Conflict of Interest Disclosures: Dr Petrylak has ownership interest in Bellicum Pharmaceuticals and Tyme, Inc, has received honoraria from Astellas Pharma, Bayer, Bellicum Pharmaceuticals, Exelixis, Ferring, Genentech, Johnson & Johnson, Medivation, Merck Serono, Millennium, Pfizer, Progenics, and Sanofi, and has had consultancies with Bayer, Bellicum Pharmaceuticals, Dendreon, Exelixis, Ferring, Johnson & Johnson, Medivation, Millennium, Pfizer, and Sanofi. Dr Powles has received research funding from Roche and AstraZeneca as well as honoraria from Roche, Bristol-Myers Squibb, and Merck. Dr Bellmunt has received institutional funding from Millennium and Sanofi, has had consultancies with Astellas, Genentech, Merck, Novartis, Pfizer, and Pierre Fabre, and has received fees for travel accommodations from MSD Oncology and Pfizer. Dr Braiteh has received honoraria for speakers’ bureaus from Amgen, AstraZeneca, Bristol-Myers Squibb, Eli Lilly, Roche-Genentech, Incyte, INSYS, Ipsen, Merck, and Pfizer and has had consultancies or advisory board roles with Amgen, AstraZeneca, Eli Lilly, and Roche-Genentech. Dr Loriot has received grants from Sanofi and fees for consulting or advisory roles from Astellas, AstraZeneca, Janssen, MSD, Roche, and Sanofi. Dr Kim has received research funding from Immune Design and has had consulting or advisory roles with Dendreon, TRM Oncology, and Voluntis. Drs Ding, Kaiser, Fassò, and O’Hear are employees of Roche-Genentech and own Roche stock. No other disclosures are reported.

Figures

Figure 1.. Duration of Treatment and Response in Patients With Metastatic Urothelial Cancer Treated With Atezolizumab

Time in study is plotted for patients with confirmed, investigator-assessed Response Evaluation Criteria in Solid Tumors version 1.1 responses. Bar color indicates treatment or retreatment status, and symbols, response assessments. Thin bars indicate off-treatment periods. Ongoing response indicates no observation of progressive disease (PD) or death. CR indicates complete response; and PR, partial response. a Subsequent, postretreatment response calculated after rebaselining of target lesion diameters at time of retreatment. No PD or death following subsequent response. b Patient is deceased.

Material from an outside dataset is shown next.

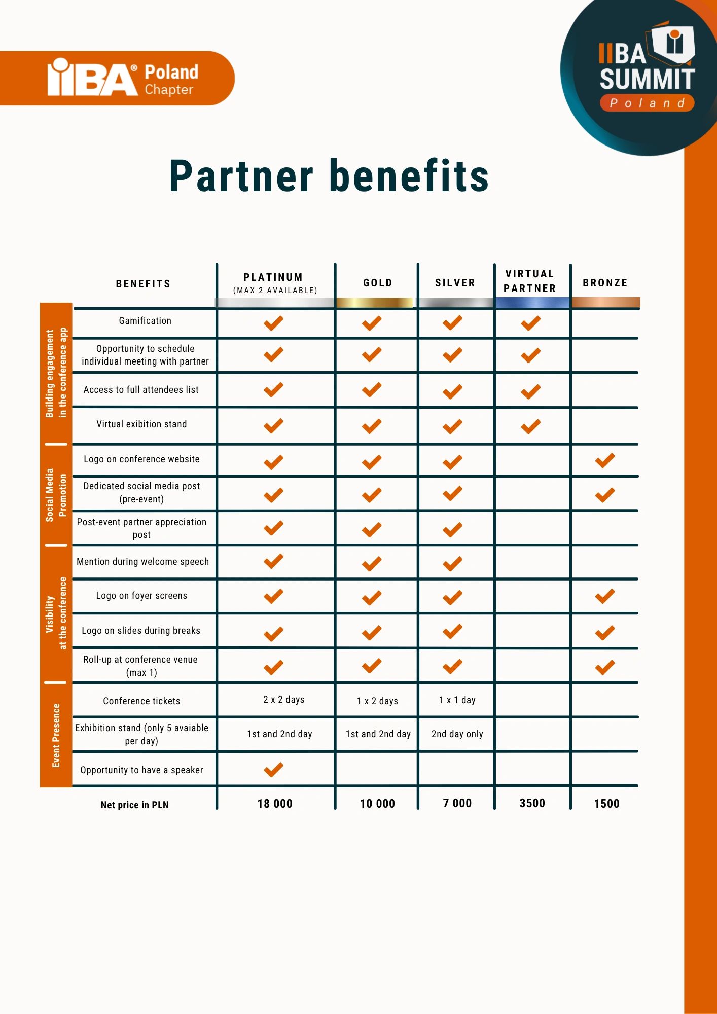 Join us as a partner of the IIBA Poland Summit 2026 – the largest conference dedicated to business analysis in Central and Eastern Europe, bringing together a vibrant community of professionals, leaders, and innovators.

Figure 2.. Overall Survival (OS) by Programmed Death Ligand 1 (PD-L1) Status and Key Clinical Subgroups

A, Kaplan-Meier estimates of OS in all patients and based on PD-L1 status on tumor-infiltrating immune cells (ICs). Plus signs indicate censoring. One patient with unknown PD-L1 IC immunohistochemical status is included in the all-patient curve. B, Median OS by baseline characteristics. Error bars indicate 95% CIs; BCG, bacille Calmette-Guérin; ECOG, Eastern Cooperative Oncology Group; and NE, not estimable. aIndicates time from last prior chemotherapy to first administration of atezolizumab. bIndicates baseline ECOG performance status 1 or greater, baseline liver metastasis, baseline hemoglobin level less than 10 g/dL (to convert to grams per liter, multiply by 10.0), and time since prior chemotherapy 3 months or less. cThe upper 95% CI is NE.